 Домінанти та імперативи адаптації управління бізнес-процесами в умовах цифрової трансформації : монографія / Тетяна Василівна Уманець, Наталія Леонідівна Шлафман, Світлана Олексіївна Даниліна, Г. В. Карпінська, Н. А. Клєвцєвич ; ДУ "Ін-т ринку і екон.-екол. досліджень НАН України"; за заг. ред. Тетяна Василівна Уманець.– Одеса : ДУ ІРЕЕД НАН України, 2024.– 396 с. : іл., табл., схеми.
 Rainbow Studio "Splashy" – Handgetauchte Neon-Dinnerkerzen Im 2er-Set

==

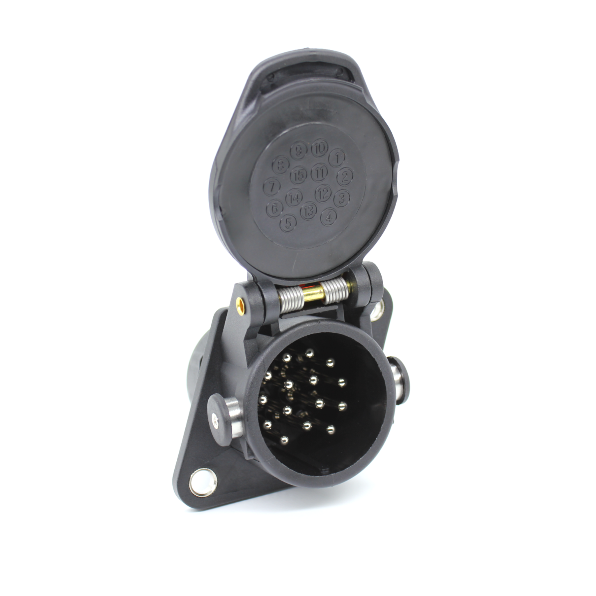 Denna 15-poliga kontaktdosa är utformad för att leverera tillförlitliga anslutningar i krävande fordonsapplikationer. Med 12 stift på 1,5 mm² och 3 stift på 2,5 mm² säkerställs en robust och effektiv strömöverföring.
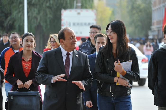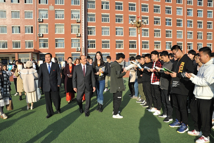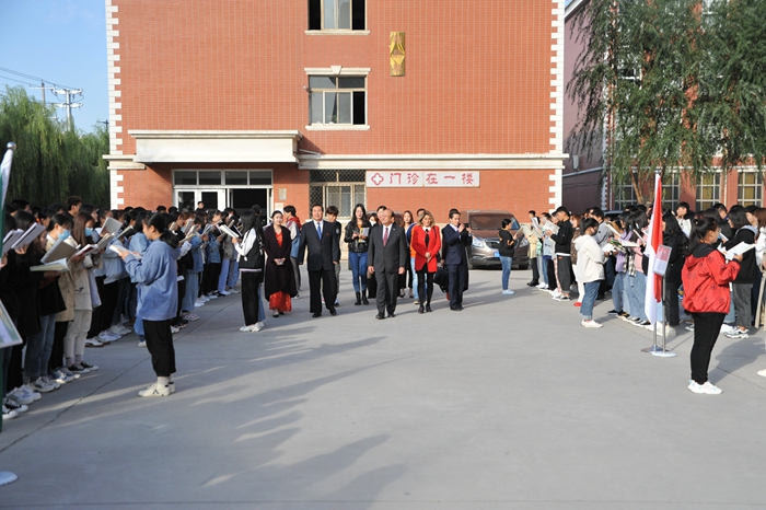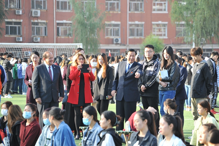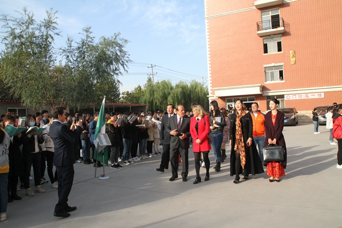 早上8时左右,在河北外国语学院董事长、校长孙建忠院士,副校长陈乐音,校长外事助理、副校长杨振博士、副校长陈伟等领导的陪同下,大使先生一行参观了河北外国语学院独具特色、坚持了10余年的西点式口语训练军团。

REQUIREMENT: Output exactly the lines above, from the line with "Denna 15-poliga kontaktdosa" to the line with "早上8时左右,在河北外国语学", both included; skip the pictures.

ANSWER BOX:
 Denna 15-poliga kontaktdosa är utformad för att leverera tillförlitliga anslutningar i krävande fordonsapplikationer. Med 12 stift på 1,5 mm² och 3 stift på 2,5 mm² säkerställs en robust och effektiv strömöverföring.
 早上8时左右,在河北外国语学院董事长、校长孙建忠院士,副校长陈乐音,校长外事助理、副校长杨振博士、副校长陈伟等领导的陪同下,大使先生一行参观了河北外国语学院独具特色、坚持了10余年的西点式口语训练军团。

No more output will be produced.